Approximately 30 percent of undergraduate students borrow federal loans and 66 percent of graduate students borrow federal loans; and though 30 percent of undergraduates borrow money from the federal government, the total amount they borrow accounts for 92.6 percent of student loan debt, according to Education Data Initiative.

Its data estimates that bachelor’s degree holders have an average federal student loan debt of $32,300; The average graduate student owes up to $189,162 in cumulative federal student loans.

The governors’ letter also asserts that Biden’s plan will encourage more student borrowing, incentivize higher tuition rates, and drive-up inflation even further.

“Rather than addressing the rising cost of tuition for higher education or working to lower interest rates for student loans, your plan kicks the can down the road and makes today’s problems worse for tomorrow’s students,” the letter states.

Biden said the plan makes the economy better off as more people are able get out of debt to get on top of their rent and their utilities, and potentially buy a home or starting a family or business.

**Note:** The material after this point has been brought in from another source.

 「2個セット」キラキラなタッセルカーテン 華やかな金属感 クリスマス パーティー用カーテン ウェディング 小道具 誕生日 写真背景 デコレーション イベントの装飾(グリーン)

“I will never apologize for helping Americans working — working Americans and middle class, especially not to the same folks who voted for a $2 trillion tax cut that mainly benefitted the wealthiest Americans and the biggest corporations, that slowed the economy, didn’t do a hell of a lot for economic growth, and wasn’t paid for and racked up this enormous deficit,” Biden said during his announcement of the plan. “Just as we’ve never apologized when the federal government forgave almost every single cent of over $700 billion in loans to hundreds of thousands of small businesses across the — across America during the pandemic. No one complained that those loans caused inflation. A lot of these folks and small businesses are working and middle-class families. They needed help. It was the right thing to do.”

According to June 2022 NPR/Ispos poll of 1,022 adults — 416 Americans of them with student loan debt — 55 percent support forgiving up to $10,000 of a person’s federal student loan debt. A majority of those polled, 82 percent, said the government should prioritize making college more affordable compared to forgiving some student loan debt.

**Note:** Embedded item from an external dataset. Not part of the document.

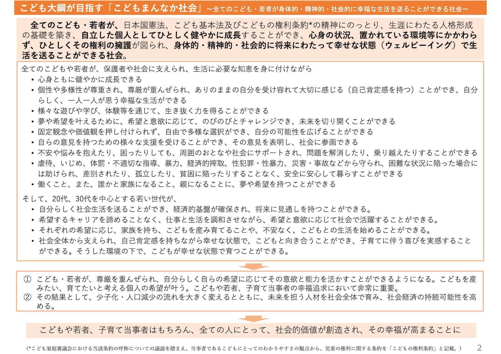 ~ひらがな表記の「こども」とは、「18歳や20歳といった年齢で区切るのではなく、全ての子どもに必要なサポートが途切れないよう、心と身体(からだ)の発達過程にある者」を表現しています。

Paying off student loan debt under Biden’s plan is estimated to cost the U.S. upwards of $600 billion, and governors against the proposal estimate it to cost each taxpayer $2,000 if taxes were raised to cover the costs.

Biden previously suggested that deficit cuts could help fund the initiative. Last year, he said the country’s deficit was cut by more than $350 billion and this year, the country is on track to cut the deficit by more than $1.7 trillion by the end of this fiscal year.

“And the Inflation Reduction Act is going to cut it by another $300 billion over the next decade because Medicare will be paying less for prescription drugs, and over a trillion dollars if you add it out for the next two decades,” Biden said. “The point is this: There is plenty of deficit reduction to pay for the programs — cumulative deficit reduction — to pay for the programs many times over.”